- Theatrical release poster
- Simplified Chinese: 无名
- Traditional Chinese: 無名
- Literal meaning: Anonymous ("Without Name")
- Directed by: Cheng Er
- Written by: Cheng Er
- Produced by: Yu Dong
- Starring: Tony Leung; Wang Yibo;
- Cinematography: Cai Tao, Liao Hui
- Edited by: Cheng Er
- Production companies: Polybona Films Cutting Edge Pictures
- Distributed by: Polybona Films China Film Co. Huaxia Film Alibaba Pictures
- Release date: January 22, 2023;
- Running time: 128 minutes
- Country: China
- Languages: Mandarin Shanghainese Japanese Cantonese
- Box office: $139.1 million

= Hidden Blade =

2023 Chinese film

Hidden Blade is a 2023 Chinese period spy thriller film directed by Cheng Er and starring Tony Leung and Wang Yibo. The film was released in China on January 22, 2023 (Chinese New Year). The film has grossed $139 million worldwide.

== Premise ==
The film is set in Japanese-occupied Shanghai during the Second Sino-Japanese War, detailing the espionage that resulted in the end of Japanese occupation and the rise of China's Communist Party.

Scenes of the movie cut between flashbacks and flashforwards and center around three characters during Japan's occupation of China: Director He (Leung), Mr. Ye (Yibo), and Officer Watanabe (Mori).

==Plot==
A flashback shows a young man who goes by He (Tony Leung) witnessing the final bombing of Guangzhou in 1938 in a makeshift mine alongside other survivors.

Shortly before the bombing of Pearl Harbor in 1941, the man rose through the ranks to become the director of Shanghai's Political Security Department, a counterespionage division overseen by Officer Watanabe. Despite showing loyalty to the Wang Jingwei regime, Director He secretly works for the Chinese Communist Party alongside his wife Ms. Chen (Zhou Xun). Together, they provide information to the underground network as a means of destroying Japanese occupation via espionage. Ms. Chen works alongside the party's secretary Mr. Zhang (Huang Lei) and the former corresponds with her husband via pastries from a local bakery. As a supposedly loyal worker, Director He diligently performs his tasks of assassinating, interrogating, and torturing as a means of gaining Officer Watanabe's trust.

Among Officer Watanabe's inner circle is Minister Tang (Da Peng), Captain Wang (Eric Wang), and a young officer named Mr.

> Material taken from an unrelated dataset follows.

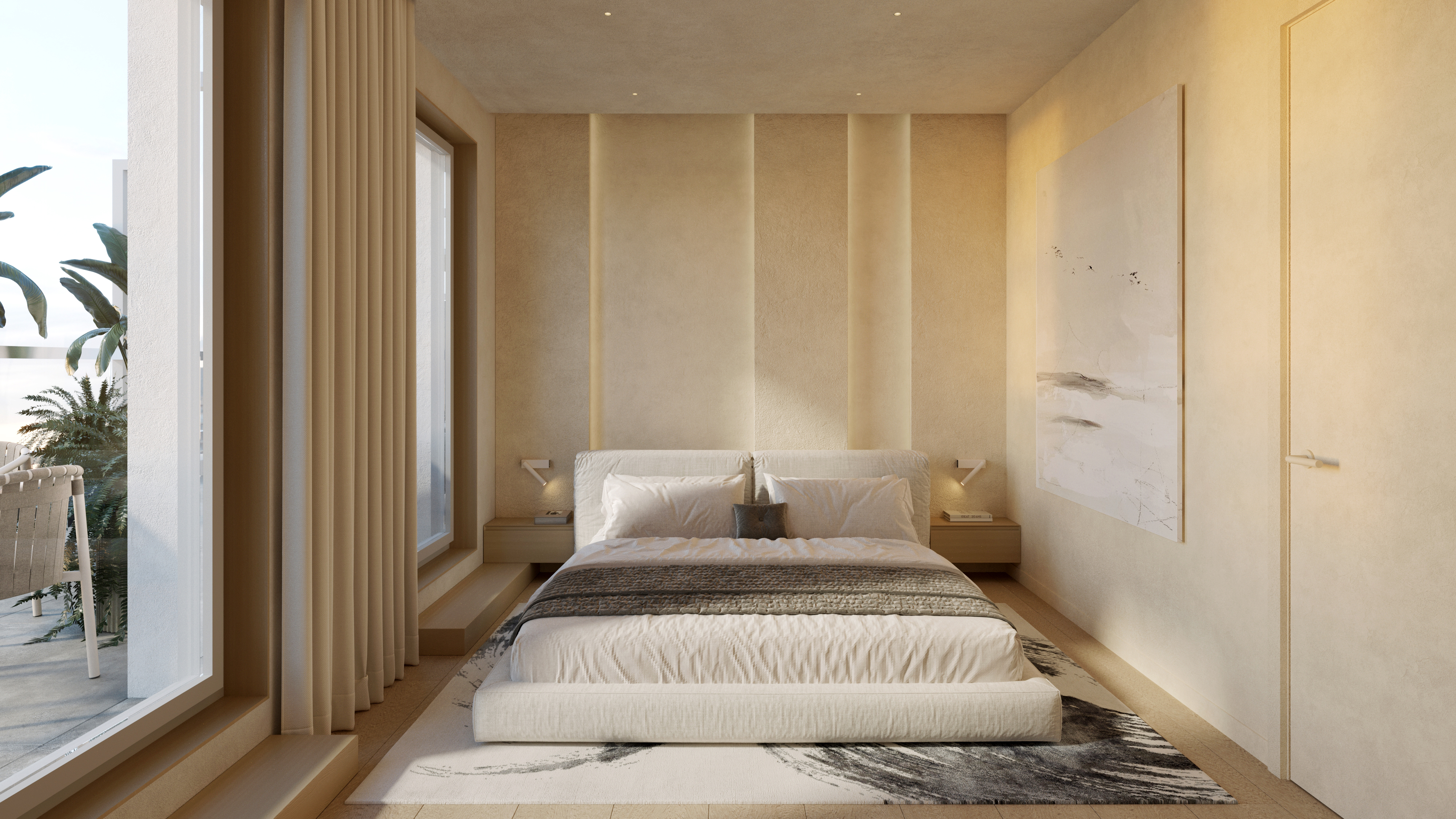 Nagy üvegfelületű, háromrétegű műanyag nyílászárókat építünk be, melyeket minden hálószobában redőnnyel és szúnyoghálóval egészítünk ki. A hőszivattyúról működtetett helyiségenként szabályozható mennyezeti hűtés-fűtés rendszerünk sok előnye mellett zajmentes, egységesen oszlatja el a hőt és egészségesebb, mint a klímával való hűtés.

Ye (Wang Yibo). Officer Watanabe is ambitious, believing he should do what he can to gain political power through the puppet government, yet suspicious of his men's intentions. After secretly saving communist spy Ms. Jiang (Shuying) after she failed to assassinate Minister Tang, Director He is given information regarding important Japanese individuals such as a Japanese Prince currently serving within the military.

Peace negotiations were initially planned between Japan and the Chiang regime, which would redeploy Japanese forces to fight against the Soviet Union and allow the Chiang regime to continue fighting the Chinese Communist Party at the cost of (de facto) ceding Manchuria. With the newfound information, the Chinese Communist Party ambushes and assassinates the Japanese Prince and his brigade during their last excursion. The event causes Japan to break off negotiations and the death of the prince compromises Officer Watanabe's reputation.

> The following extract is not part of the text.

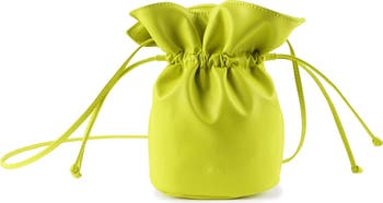 Italian-made vegan leather shapes this sustainable and slouchy bucket bag topped with a slim drawstring and slim crossbody strap.

Mr. Ye's lover Ms. Fang (Zhang Jingyi), a dancer and member of the Chinese Communist Party, helps assassinate Minister Tang and breaks off her relationship with Mr. Ye, who angrily takes it out on random Japanese soldiers. He later finds out that Captain Wang raped and killed her due to her political affiliation and Captain Wang mysteriously disappears soon after. Officer Watanabe becomes more suspicious of Director He after discovering he was cousins with Minister Tang and decides to use Mr. Ye as his double agent. The attack on Pearl Harbor is announced and the Wang Jingwei regime declares war on Great Britain and the United States, causing Shanghai to be completely occupied by the Japanese military. Mr. Ye becomes closer to Watanabe, who now wants to further his political ambitions with the former's help.

Mr. Zhang fears the worst for himself and attempts to run away with Ms. Chen before discovering she was married the whole time. Only working for the Chinese Communist Party for money and possible peace, he decides to turn himself into Shanghai's Political Security Department. Mr. Zhang unknowingly reports the Chinese Communist Party's activities to Director He, who kills him, and visits his wife to check on her. Officer Watanabe orders Mr. Ye to take down Director He, and a bloody fight between the two ensues at Ms. Chen's apartment. Mr. Ye returns to Officer Watanabe heavily injured but reports that Director He was arrested and Ms. Chen was killed. Officer Watanabe rewards Mr. Ye by making him his new secretary and showing the latter a map of territories and intel that would help strengthen Japan's occupation of China via Manchuria. The two head to Manchuria to start their new political and military careers.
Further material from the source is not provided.